To see how easy this workflow can be implemented with Parea, let's take a look at the following example.
We have some function `llm_app` which we want to test for high entropy responses.
In our evaluation function `is_unreliable_input`, we rerun our function again and compare the new output with the original one.

```python theme={null}
from parea import trace
from parea.schemas import Log

# function which does the work
def llm_app(**kwargs) -> str:
    pass

def is_unreliable_input(log: Log) -> bool:
    # the output of the first execution
    output1 = log.output
    # call the LLM app again
    output2 = llm_app(**log.inputs)
    # return whether the two outputs are different
    return output1 != output2

# trace the function and apply the evaluation function in 10% of the cases
@trace(eval_funcs=[is_unreliable_input], apply_eval_frac=0.1)
def tested_llm_app(**kwargs) -> str:
    return llm_app(**kwargs)
```

The benefit of doing that via `trace` is that our eval is executed in the background (so no additional latency) and we can choose to only apply it in a fraction of the cases (here 10%).

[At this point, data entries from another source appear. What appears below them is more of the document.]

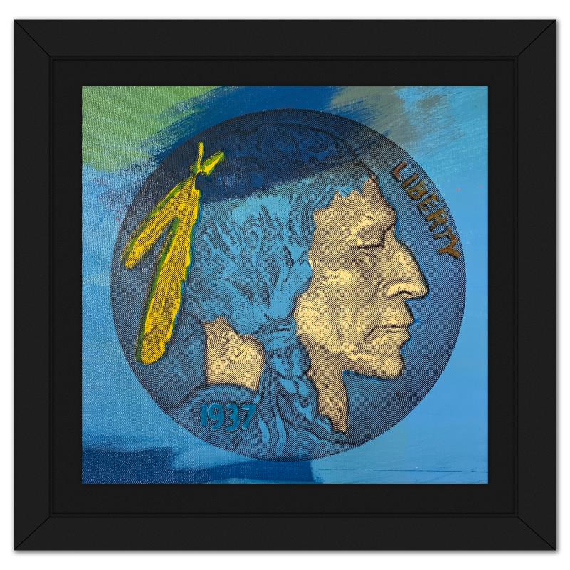 Steve Kaufman (1960-2010), "1937 Native American Coin" Framed Hand Embellished Limited Edition Silscreen, Numbered 9/50 Inverso and Hand Signed with Letter of Authenticity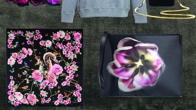 1. Tote, Dh325, Ted Baker, World Trade Center Mall, 02 628 2890; Dubai Mall, 04 434 0623 and elsewhere. 2. Dress, Dh900, Jigsaw, Dubai Mall, 04 339 8644. 3. Floral minaudière, Dh10,245, Lanvin, Avenue at Etihad Towers, 02 679 6160; Dubai Mall, 04 330 8008 and elsewhere. 4. Sweatshirt, Dh3,700, Jason Wu at www.brownsfashion.com. 5. Lily clutch, Dh2,130, Christopher Kane at www.brownsfashion.com. 6. Scarf, Dh1,940, Dolce & Gabbana, The Galleria, 02 674 3711; BurJuman, 04 501 2880. 7. Floral headband, Dh59, H&M, Marina Mall, 02 681 7871; Dubai Mall, 04 330 8327 and elsewhere. 8. Heels, Dh348, Asos, www.asos.com. 9. Pleated top, Dh180, Topshop, Marina Mall, 02 681 8246; Dubai Mall, 04 339 9802 and elsewhere. 10. Mohair slate rug (backdrop), Dh4,770 per square metre, The Rug Company, DIFC, 04 323 1161.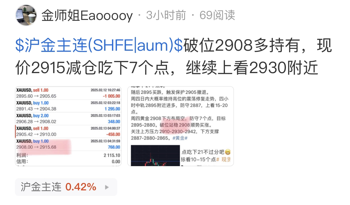 睡醒发现黄金一度涨到2922,布局的2908多也能吃下14个点了吧,短线2918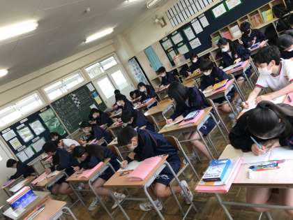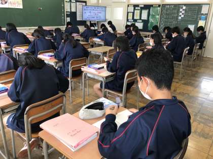 2年生 授業風景 公開日 2020/06/25 更新日 2020/06/25 学校行事 2年生の英語の授業では、真剣にノートを書く姿が見られました。机の上も整えながら、学習のルールを守って授業に臨んでいます。 2年生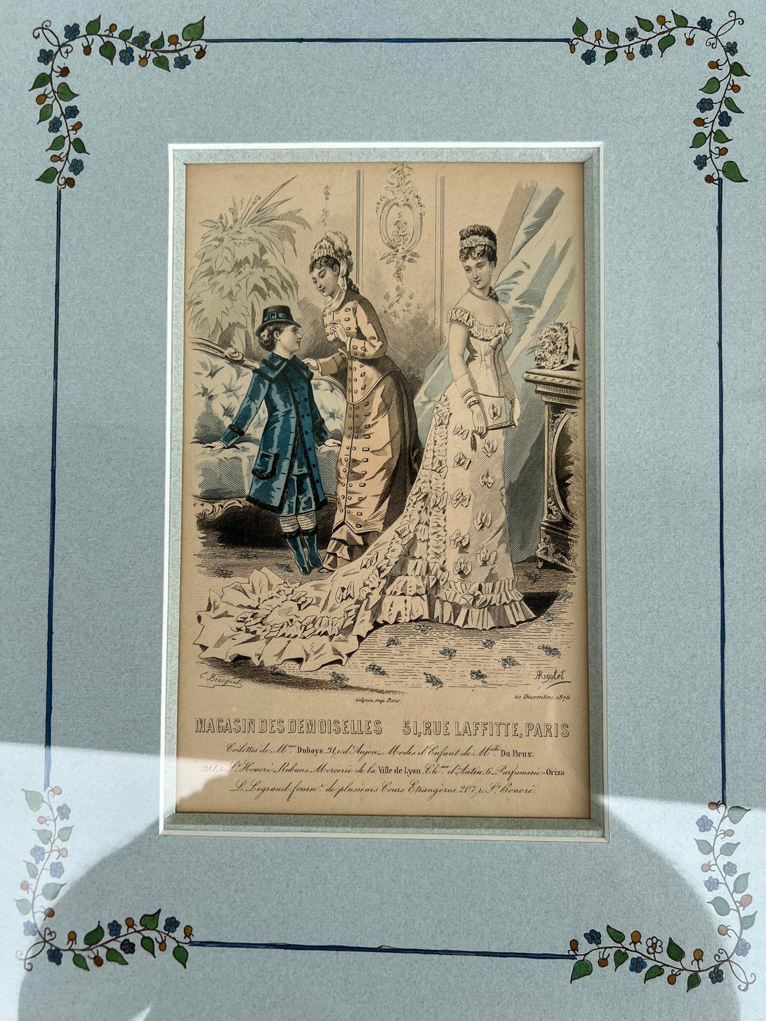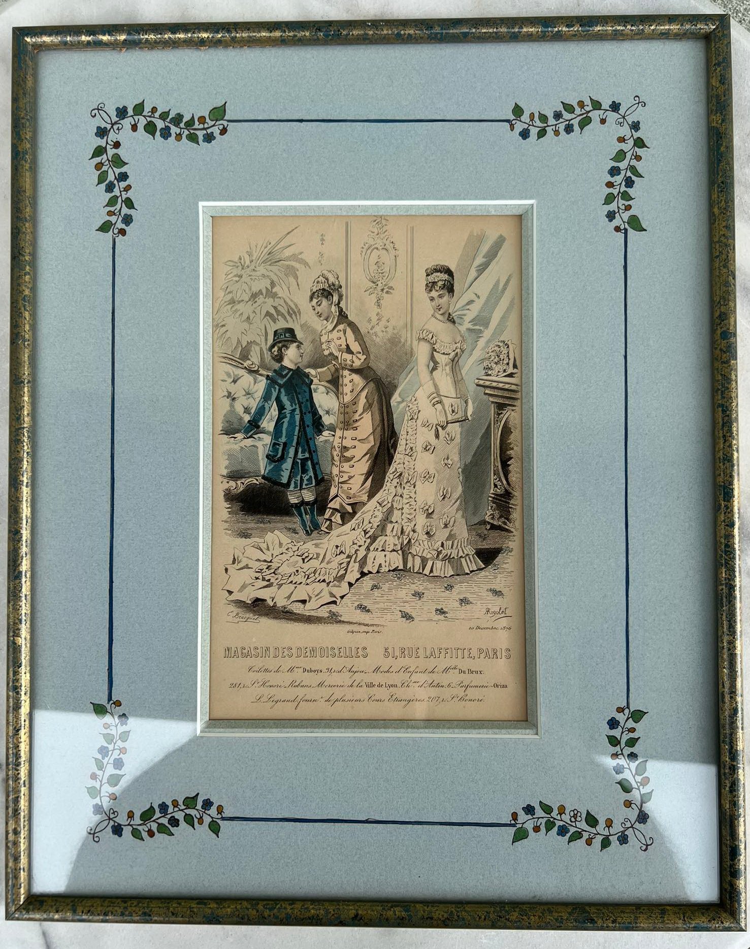 Paveikslėlis antikvarinis Mada. Medinis rėmelis, stiklas. Prancūzija. 1876 m. Kaina 43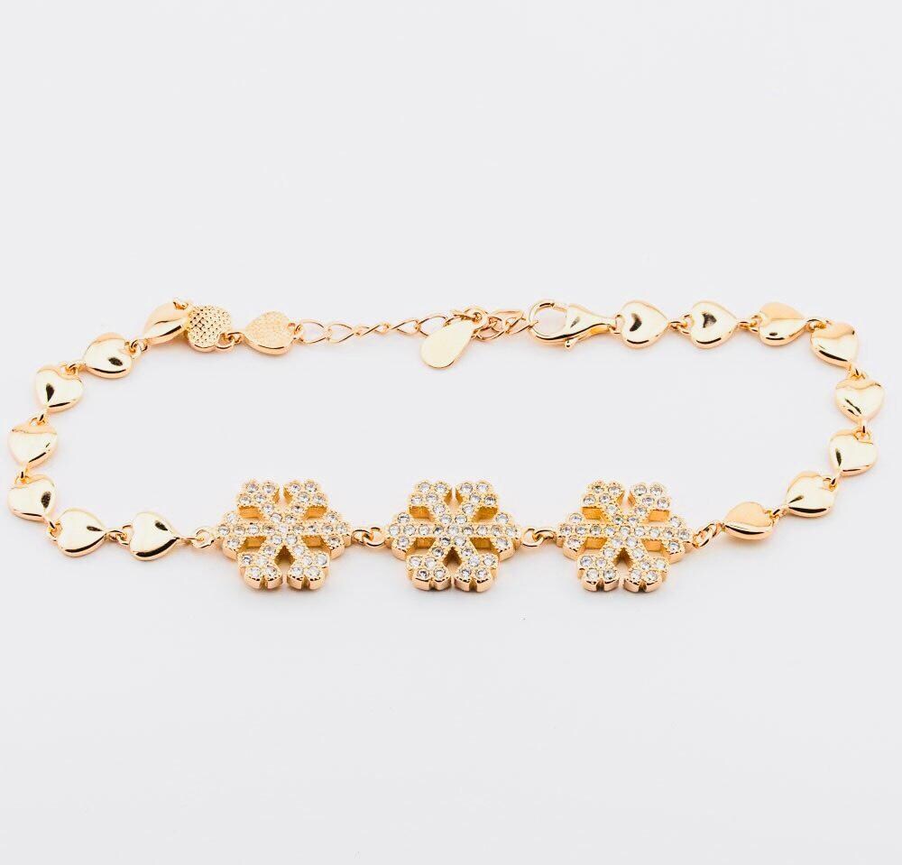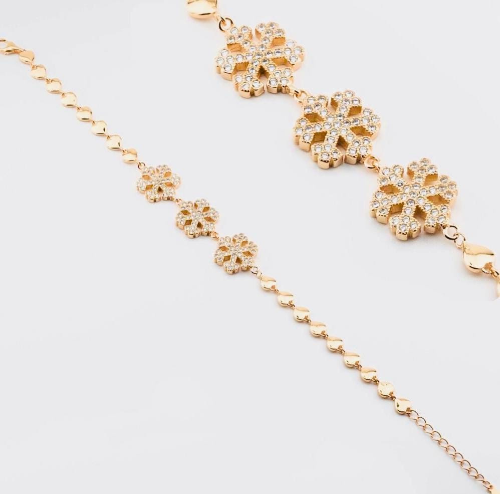 925 Sterling Silver Snowflake Bracelet with Zircon Stones – Rose Gold Plated

## Metric 1: Levenshtein Distance

A simple way to measure the difference between two strings is to calculate [the Levenshtein distance](https://en.wikipedia.org/wiki/Levenshtein_distance).
The Levenshtein distance is the minimum number of single-character edits (insertions, deletions, or substitutions) required to change one string into the other.
We can use it in our eval function in the following way:

```python theme={null}
from parea.evals.general.levenshtein import levenshtein_distance

def is_unreliable_input(log: Log) -> float:
    output1 = log.output
    output2 = llm_app(**log.inputs)
    return 1 - levenshtein_distance(output1, output2)
```

## Metric 2: Semantic Similarity

The drawback of traditional NLP metrics such as the Levenshtein distance is that they are not able to capture the semantic similarity between two strings.
Instead, we can embed both outputs as vector, calculate their cosine similarity and return the inverse of that as our metric.

```python theme={null}
from parea.evals.general import semantic_similarity_factory

semantic_similarity = semantic_similarity_factory(embd_model="text-embedding-3-small")

def is_unreliable_input(log: Log) -> float:
    output1 = log.output
    output2 = llm_app(**log.inputs)
    return 1 - semantic_similarity(Log(output=output1, target=output2))
```

## Metric 3: LLM Judge

Embedding models will give a general sense of how closely related the two outputs are.
Yet, oftentimes you care about specific aspects of the outputs.
For that scenario, you should use a LLM judge and instruct it to compare the two outputs along certain dimensions.

```python theme={null}
from parea.evals import call_openai

def is_unreliable_input(log: Log) -> bool:
    output1 = log.output
    output2 = llm_app(**log.inputs)

    response = call_openai(
        model='gpt-4o',
        messages=[
            {"role": "system",
             "content": "You are CompareGPT, a machine to verify if two responses match. Answer with only yes/no."},
            {
                "role": "user",
                "content": f"""You are given a two responses and you have to decide. Compare "Response A" and "Response B" to determine whether they both match. All information in "Response A" must be present in "Response B", including numbers and dates. You must answer "no" if there are any specific details in "Response A" that are not mentioned in "Response B".

Response A:
{output1}

Response B:
{output2}

CompareGPT response:""",
            },
        ],
        temperature=0.0,
    )
    return "yes" in response.lower()
```

Note, the [SelfCheckGPT](https://arxiv.org/abs/2303.08896) paper explores an adjacent approach to measure factuality of LLM responses.

## Conclusion

A key aspect of improving your LLM app is ensuring it's reliably handling the long tail of uses cases.
One general way to identify unreliable samples is to rerun your LLM app for these inputs and see how similar the outputs are.
You can assess how similar they are by using metrics such as the Levenshtein distance, semantic similarity, or a LLM judge.